Open shoyer opened 9 years ago
I typically do the same as you, but most often it's just a single group. In that case it's just group = next(iter(gr))
which isn't bad. We could overload __getitem__
so that gr[:5]
is pretty much this, but I don't know if the use-case warrents that extra complexity.
This can be shortened by using the toolz
library:
from toolz import take
pd.concat(list(take(3, group)))
Example of getting the last group here:
In [12]: df = pd.DataFrame({'a':['1','2','2','4','5','2'], 'b':np.random.randn(6)})
In [13]: g = df.groupby('a')
In [14]: g.groups
Out[14]: {'1': [0], '2': [1, 2, 5], '4': [3], '5': [4]}
In [15]: import itertools
In [16]: list(itertools.islice(g,len(g)-1,len(g)))
Out[16]:
[('5', a b
4 5 -0.644857)]
Do we want a convenience function here?
Just putting some random ideas:
g.names
attribute returning the group names in the correct order? (g.groups.keys()
is not ordered), so you can do g.get_group(g.names[-1])
or g.get_group(g.names[0])
get_igroup
method that lets you retrieve the group by order instead of name (or as an argument to get_group
): g.get_igroup(-1)
split
-like functionality on the groupby object, returning a list of all groups: g.split()[-1]
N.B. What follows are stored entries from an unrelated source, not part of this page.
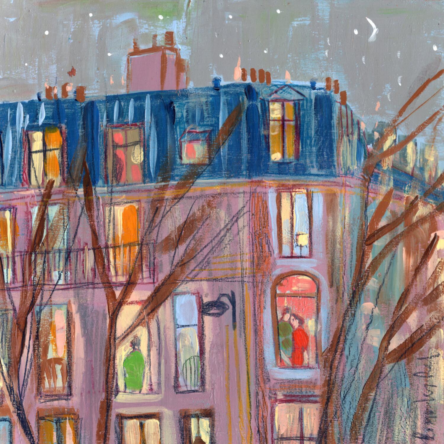 Nacht in der Stadt, die Dächer und Dachschrägen zeichnen sich unter den Lichtern ab. Die Nachbarn werden langsam aktiv. Im Hintergrund erstreckt sich die Stadt.
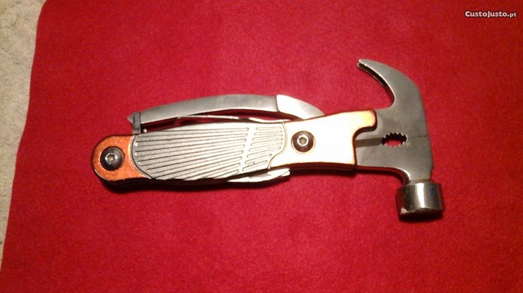 Ferramenta multifunções de marca boa qualidade e resistência, nada de chinês, com Martelo alicate serra e outras chaves como mostram fotos em estado novo nunca utilizado.Útil e prático para casa ou carro.
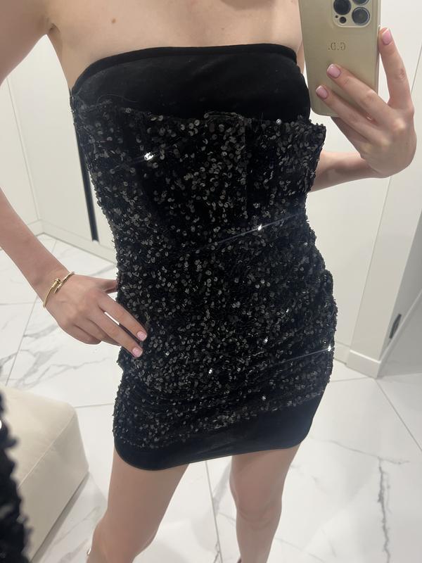 сукня pretty little thing, нова, чорна з паетками. Розмір eu 36, uk10, usa 6

(but, this has to create all the groups to just get the last one)__getitem__
(like for a DataFrame, a slice also slices the rows and not the columns) to slice the groups instead of the columns (currently this gives a TypeError: unhashable type)g.slice_groups(0, 1)
or g.slice_groups(-1, None)
Getting groups by index would be useful for my application.
I have implemented a simple function with the name get_igroup()
as suggested by @jorisvandenbossche. The implementation is based on how get_group()
does it via _get_indices()
import pandas as pd
import numpy as np
arrays = [['bar', 'bar', 'baz', 'baz', 'foo', 'foo', 'qux', 'qux'],
['one', 'two', 'one', 'two', 'one', 'two', 'one', 'two']]
tuples = list(zip(*arrays))
index = pd.MultiIndex.from_tuples(tuples, names=['first', 'second'])
s = pd.Series(np.random.randn(8), index=index)
print s
def get_igroup(g, i):
""" Get grouby group by index
g : pandas.grouby object
i : int
"""
keys = g.indices.keys()
keys.sort()
indices = g.indices.get(keys[i])
return g._selected_obj.take(indices)
print '\n=================================='
print "Testing with `.groupby('first')` "
g = s.groupby('first')
for i in [0, 1, -1]:
print '\n------------------------------- \nget_group for index=%d \n' % i
print get_igroup(g, i).head()
print '\n=================================='
print "Testing with `.groupby(['first', 'second'])` "
g = s.groupby(['first', 'second'])
for i in [0, 1, -1]:
print '\n------------------------------- \nget_group for index=%d \n' % i
print get_igroup(g, i).head()
Output of the script above:
@jreback If desired I could implement this or something similar via a PR. I am not sure about how much effort testing this would be, though.
I'm -1 on this as I don't think we make any guarantees about the ordering of groups within a groupby
@WillAyd: Since I sort the group keys, the resulting order of the index retrieval should be deterministic even though the keys are unordered at first. The sorting also works correctly for tuple keys, as you can see in my example. But I understand that this might have some edge cases which lead to inconsistencies.
For visualization/testing purposes, I'm often interested in looking at the first example group(s) from a groupby operation.
Is there a convenient shortcut for this? The best I could come up with is
pd.concat([x for _, x in itertools.islice(group, 3)])
which seemed awkward to me.Note that this is a different use-case from
.first()
/.head()
, which returns the first example from each group -- here I want full examples of the first few groups.